Which was nice, but worrying- I used to have such an excellent memory for films; I’d usually remember most everything. Maybe its just me getting older – hope this isn’t how dementia starts- but I rather suspect its a case of just watching too many films over the past few years. In some ways we’re living in a film buff’s paradise, the access we have to films these days, whether it be films we have collected on disc, or stream on the various platforms. Back in the 1970s we were at the whim of terrestrial schedulers on three networks so only watched films when we could, which increased the rarity and sense of occasion (I still recall the Jaws network premiere, and that of Star Wars and Alien, quite vividly, and movie seasons over Christmas holidays just made the festive seasons more special). Those were the bad old days, certainly, but nonetheless films seemed to have much more of a value back then. I suppose watching fewer films, they stuck in your memory more too.
But now, they almost seem to blur into each other- certainly some film noir, of which I have watched an awful lot of over the past few years. I suppose it inevitable when they share so many narrative and visual tropes and character archetypes. Alarming though, that I’d forgotten so much of this film. Maybe this blog should revert to its original purpose back from its Film Journal days, serving as a diary of viewing- not that this blog really ever diverted away from too much (though I have stopped compiling monthly/annual lists of the films). But whatever next? Index cards next to each disc on the shelf?
Because to be sure, someone who professes to be a film buff shouldn’t be forgetting details of films as exquisite as The Killing, one of the definitive heist movies and one of the best examples of a perfect film noir. Its a taut, gripping story about flawed characters, depicted by brilliant actors in memorable performances. Did I say memorable? Hmmm. Well, to be fair, while I’d forgotten so much of the film, I’d not forgotten the likes of Sterling Hayden here- what a gritty, convincing turn.

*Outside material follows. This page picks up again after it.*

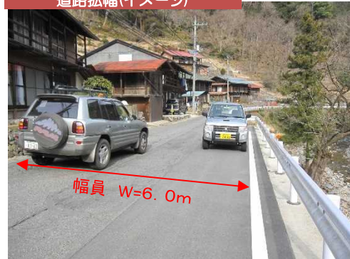
道路拡幅(イメージ)

Kubrick’s third directorial effort and widely considered his first ‘proper’ film, The Killing is absolutely amazing and, dare I suggest, one of his best. Its certainly a film for people who don’t profess to like Kubrick’s filmography- it lacks his full ‘auteur’ stamp, as he didn’t have the complete control he would soon have following Paths of Glory and Spartacus; The Killing is more routine, more accessible compared to how inscrutable some of his films can seem.
That being said, its tricky to describe The Killing as routine- it certainly makes demands upon its audience, with a chronology-shifting narrative in which it moves forwards and backwards in time depending upon each characters involvement in the heist. It’s helped somewhat by a voice-over which is pretty wonderful but was, I suspect, possibly a studio-mandated element to help steer viewers along.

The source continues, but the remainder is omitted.